'Lawless' violent but terrific

Liz Braun, QMI Agency

, Last Updated: 1:36 PM ET

The Bondurant Brothers were notorious bootleggers during the Prohibition era.

Their story is told in Lawless, a film set in the 1930s in Franklin, Va. This is a terrific (albeit hugely violent) yarn that's both a crime drama and a coming-of-age tale.

Jack Bondurant (Shia LaBeouf) narrates the beginning of the movie, explaining that his older brothers survived the First World War and the influenza that killed their parents, events that contributed to the myth that the Bondurant boys could not be killed.

Older brothers Forrest (Tom Hardy) and Howard (Jason Clarke) run the family moonshine business, while Jack scrambles to catch up. He's younger and far more sensitive than his brothers, but not without resources: Jack and his friend Cricket (Dane DeHaan) work on a superior brand of moonshine.

Conflict arrives in the person of Special Deputy Charlie Rakes (Guy Pearce), a detective from Chicago who sees the Virginia locals as hicks to be controlled. He and several other lawmen want a share of the bootlegging profits and quickly intimidate every moonshine manufacturer in the county.

Every one but the Bondurants, that is. Their resistance to Rakes and his ilk only increases the tension in the story, and as it is, most of Lawless is already awash in dread.

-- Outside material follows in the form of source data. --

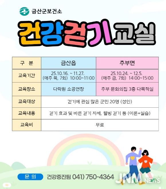 제이앤엠뉴스 | 금산군보건소는 군민의 건강증진과 생활 속 신체활동 실천을 위해 오는 12월까지 금산읍·추부면에서 건강 걷기 교실을 운영한다.
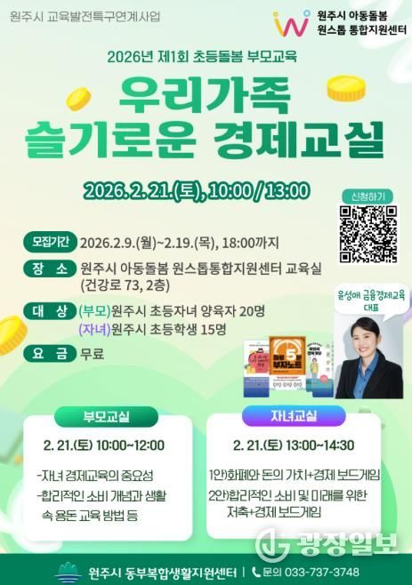 광장일보 이현나 기자 | 원주시 아동돌봄 원스톱통합지원센터는 2월 21일 초등생 가족을 위한 무료 경제 교육인'우리 가족 슬기로운 경제 교실'을 운영한다.
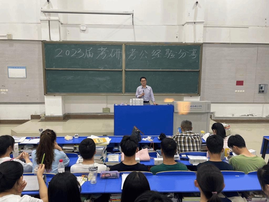 2022年5月23号下午6时,计算机公司在锦绣校区逸夫楼西阶教室举行2023届考研考公交流分享宣讲会。此次会议邀请了18级考研考公成功的学长学姐分享备考经验,计算机公司党委书记王祥、毕业班辅导员参加此次交流会

From the time Rakes first attacks Jack, beating him severely as a 'message' to take back to his brother Forrest, a final confrontation between the brothers and the newcomers is inevitable.

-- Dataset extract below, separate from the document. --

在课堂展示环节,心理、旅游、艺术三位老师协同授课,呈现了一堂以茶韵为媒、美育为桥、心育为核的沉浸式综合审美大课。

As Forrest, Hardy moves quietly through the narrative, a unflappable presence whose brute strength and controlled violence simmer just below his every solemn pronouncement. The only person in the story stronger than Forrest is Maggie (Jessica Chastain), a woman who leaves the city to take a job at the Bondurants' backwoods bar. Maggie is quiet and completely non-violent, but she is fearless in the same way Forrest is. The women in the film represent the only hope for positive change of any sort.

LaBeouf is impressive as the kid brother dancing as fast as he can to catch up with his famous older siblings. It's through Jack's eyes that we meet a famous gangster (Gary Oldman) encounter first love (Mia Wasikowska) and experience the sort of eye-for-an-eye philosophy that controls the county.

Lawless is steeped in testosterone, a story full of wild characters and wilder events, and it's a very satisfying two hours at the movies. The film is based on The Wettest County in the World, Matt Bondurant's book about his grandfather and his great-uncles and their bootlegging days during the Depression.